• [Supplied material]:
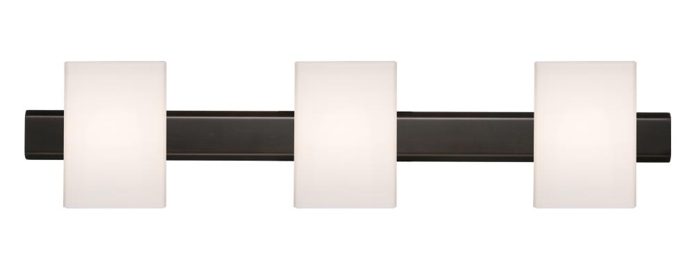 The Tito vanity is a simple, contemporary bath bar featuring handcrafted Opal glass on a low profile plated bracket. Our Opal glass is a soft white cased glass that can suit any classic or modern decor. Opal has a very tranquil glow that is pleasing in appearance. The smooth satin finish on the clear outer layer is a result of an extensive etching process. This modern wall light offers flexible design potential for a variety of bath/vanity decorating schemes. These stylish and functional luminaries are offered in a beautiful brushed Bronze finish.
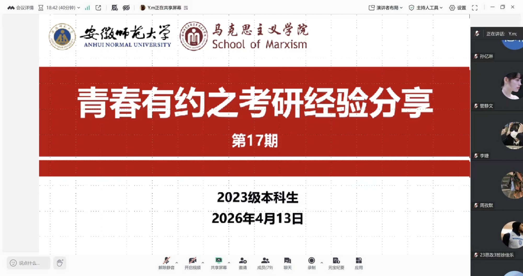 为帮助2023级本科生明晰考研方向、掌握备考方法,4月13日晚,马克思主义学院2023级本科生在线上开展第十七期“青春有约”之考研经验分享活动。本次活动由陈卓青主持,2022级思想政治教育专业王敏同学担任主讲人,2023级全体本科生参加。
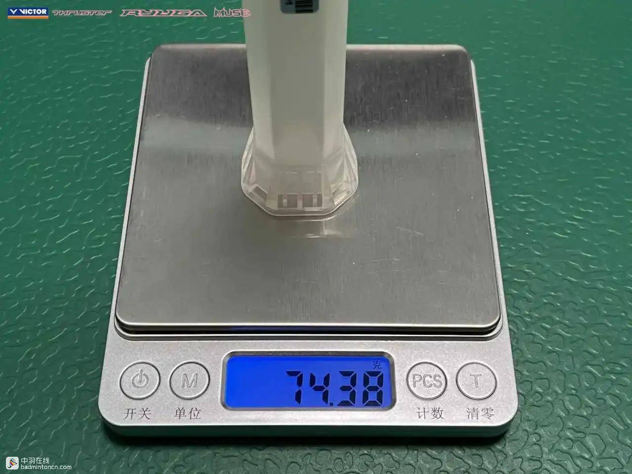 TK-龙牙MUSE只有5U/G6一种规格,由于是运用了悬浮科技手柄的球拍,因此原装状态下是无底胶的,去除热缩膜之后空拍重量约为74.38g,平衡点约为329mm。
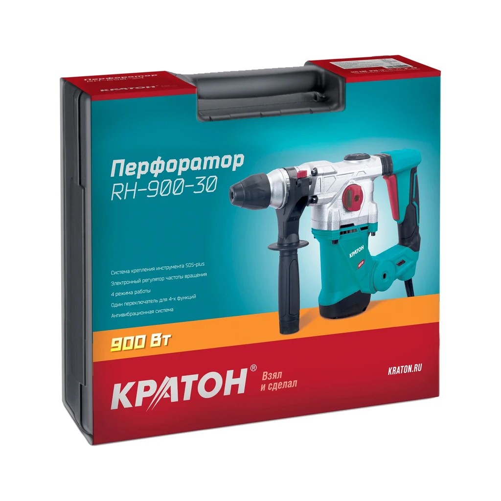 Перфоратор Кратон RH-900-30 патрон SDS-plus 900Вт, уд.:3Дж, 0-850об/мин, 4300уд/мин, бетон-30мм, антивибрационная системак, регулировка частоты вращения, 4,37кг (кейс, набор оснастки)
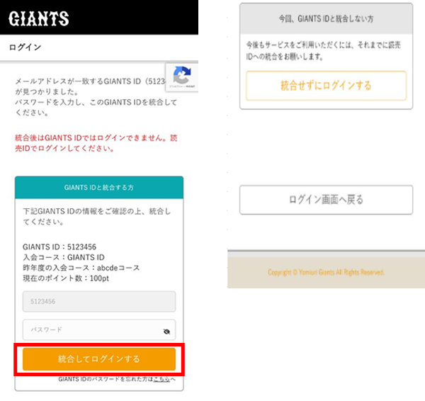 お持ちのGIANTS IDまたは登録メールアドレスとパスワードを入力し、「統合してログインする」をタップ
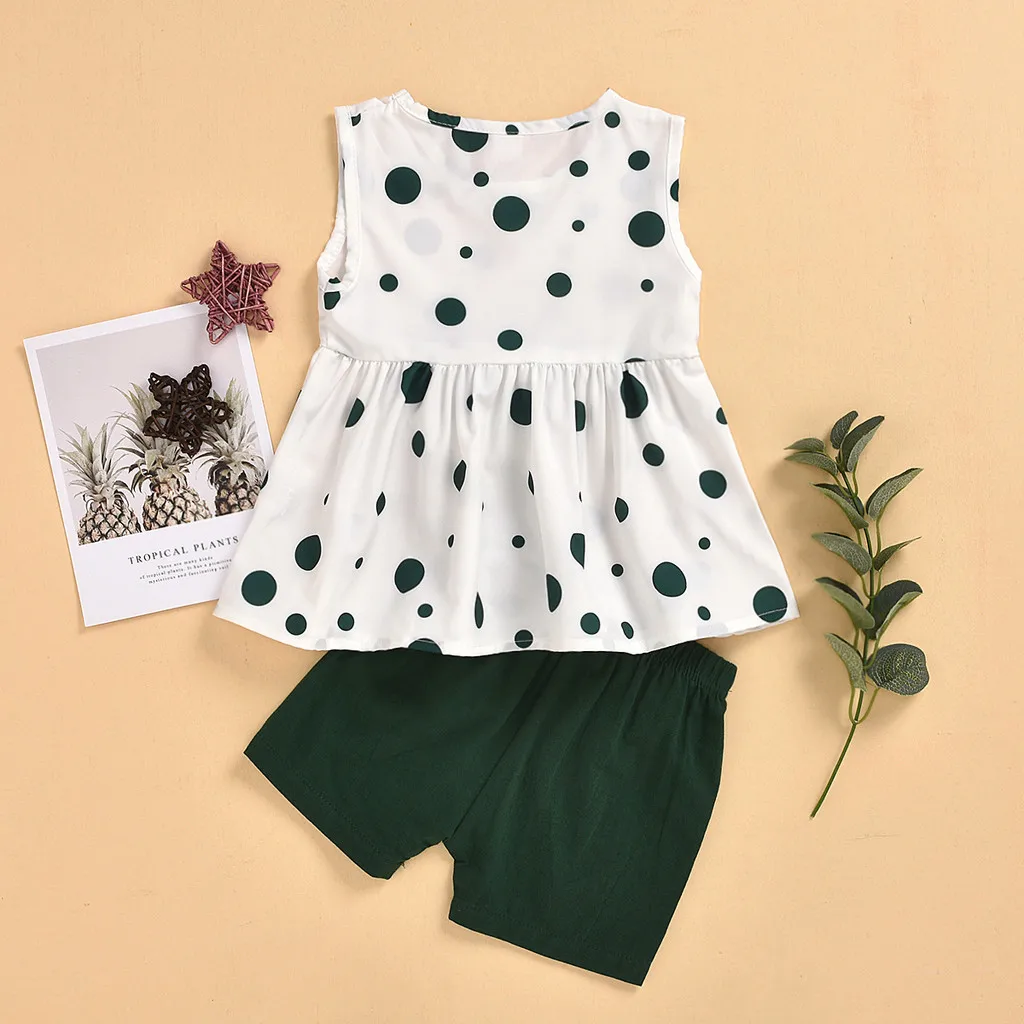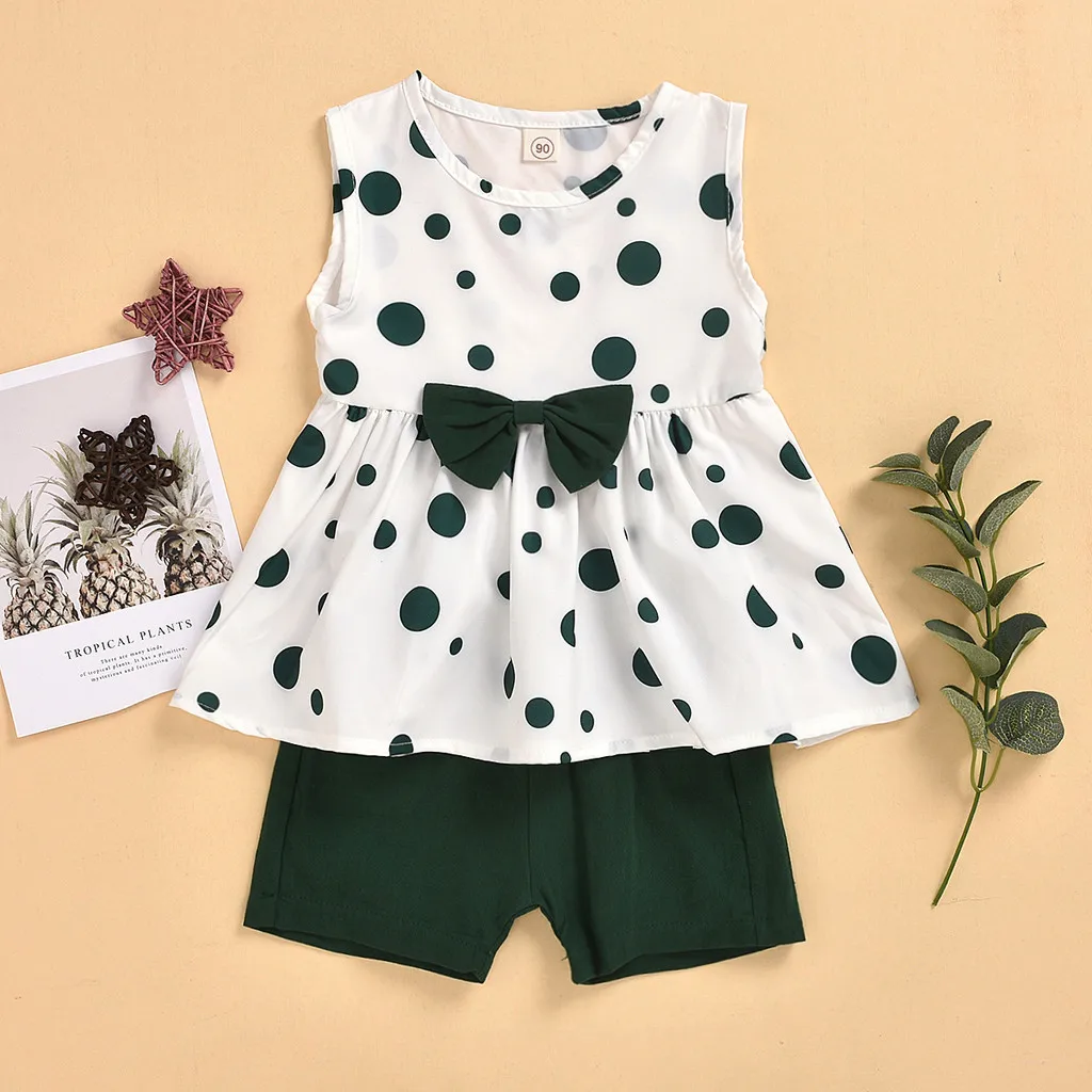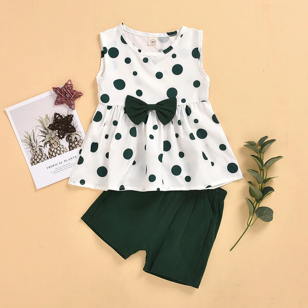 Топы без рукавов в горошек с бантом для маленьких девочек + однотонные шорты, комплект одежды
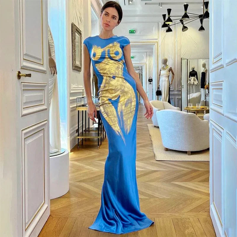 Lunivop 3D Body Print Slim Maxi Party Dress Women Autumn O Neck Short Sleeves High Waist Hips Wrapped Evening Dresses Streetwear
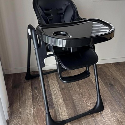 This high chair is very easy to install. It is light to move. Wheels are stable when locked. Dark color is easy to clean and keep.
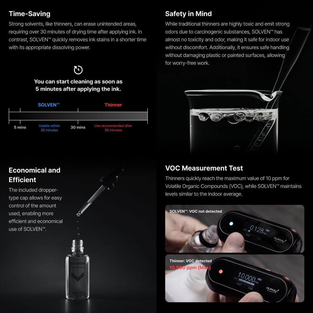 SOLVEN™ is a colorless and odorless solution specifically formulated for panel line cleaning. Unlike traditional enamel thinners, which often leave smudges due to their continuous dissolving action, SOLVEN™ effectively dislodges cured ink without smearing, ensuring a clean finish every time. Its balanced dissolving power enables rapid ink stain removal, eliminating the long drying times typically associated with conventional thinners.
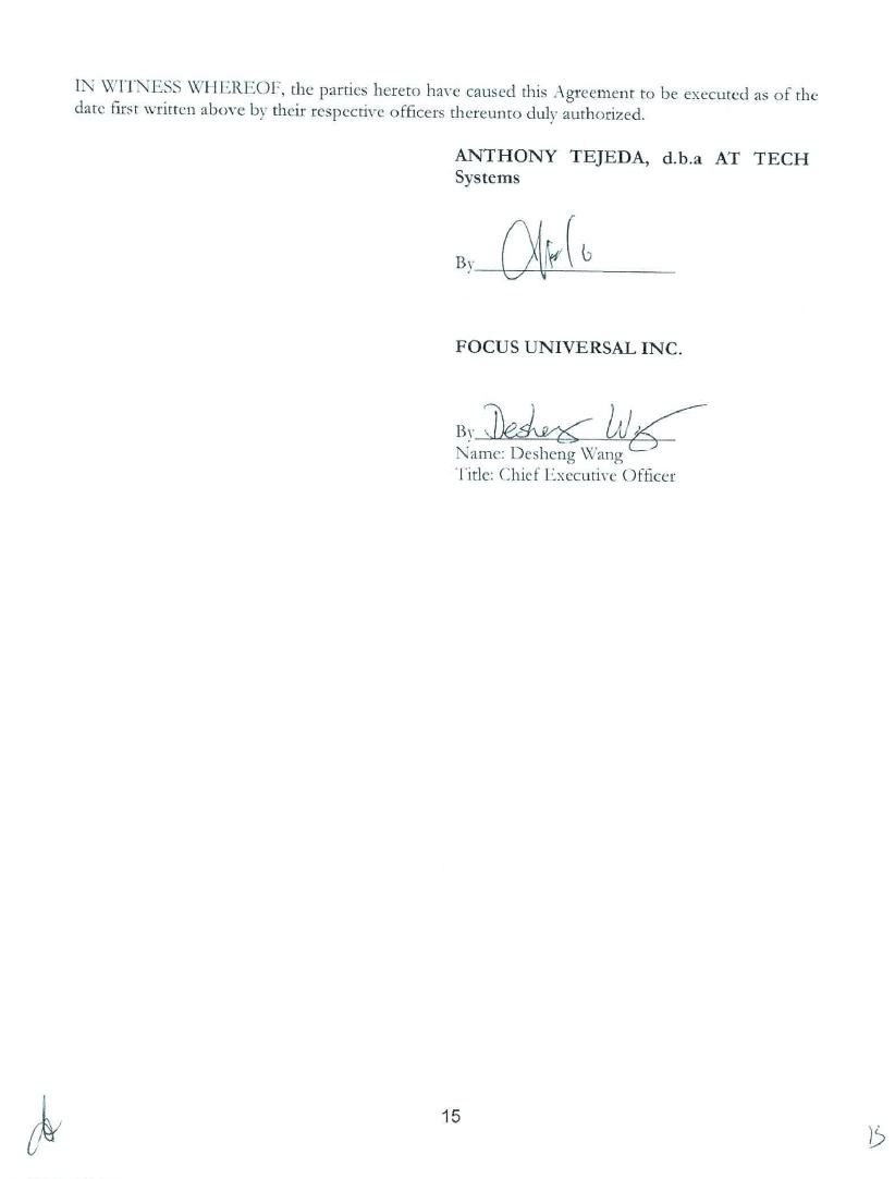 1 : - .i \ \ T E \ JES. \ ' 0 - - l fl{EOF, th e parties hereto hm·e caused th.is , \ grcemenr t o be execu t ed as of t h e: dare fir s t \ \ 'rittc n abm·e by their rcspecti,·c officers thereunto duly authorized. ANTHONY TE J EDA, d.b.a AT TECH S ys tem s FO C US U NIVERSAL IN C. B) ' uJ? 15 amc: Dcsheng \ X ' ang Tide: C h ief Exccutin : Officer
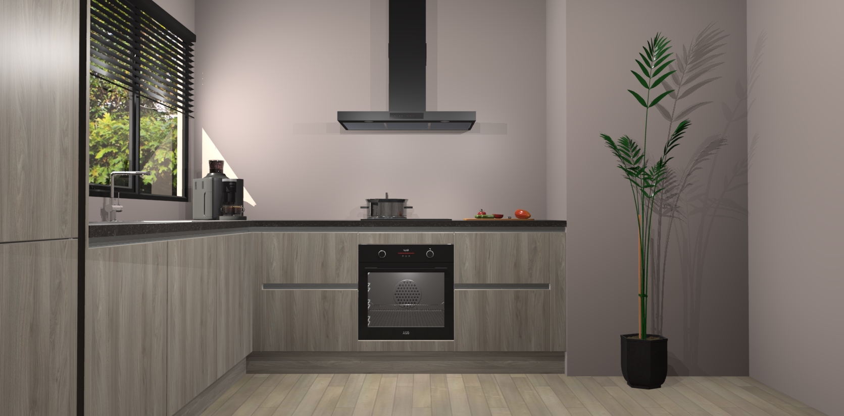 Met een modern, tijdloos design en ruime opslagruimte, zult u zich in no-time thuis voelen in uw nieuwe keuken. Uw leven wordt eenvoudiger met de soft-close deuren die voor het ultieme stille comfort zorgen - geen geluid dat u stoort terwijl u kookt. Ook is de keuken voorzien van 5 ingebouwde apparaten: een oven, inductie kookplaat, afzuigkap, vaatwasser en koelkast. Deze kunnen gemakkelijk na bestelling worden bijgewerkt naar AEG - waardoor uw luxe ervaring compleet is.

• [Activity]: Start with the line with "Топы без рукавов" in the listing above and stop after the line with "This high chair". Write out exactly the lines in that stretch and no others, without pictures.

• [Problem solution]:
 Топы без рукавов в горошек с бантом для маленьких девочек + однотонные шорты, комплект одежды
 Lunivop 3D Body Print Slim Maxi Party Dress Women Autumn O Neck Short Sleeves High Waist Hips Wrapped Evening Dresses Streetwear
 This high chair is very easy to install. It is light to move. Wheels are stable when locked. Dark color is easy to clean and keep.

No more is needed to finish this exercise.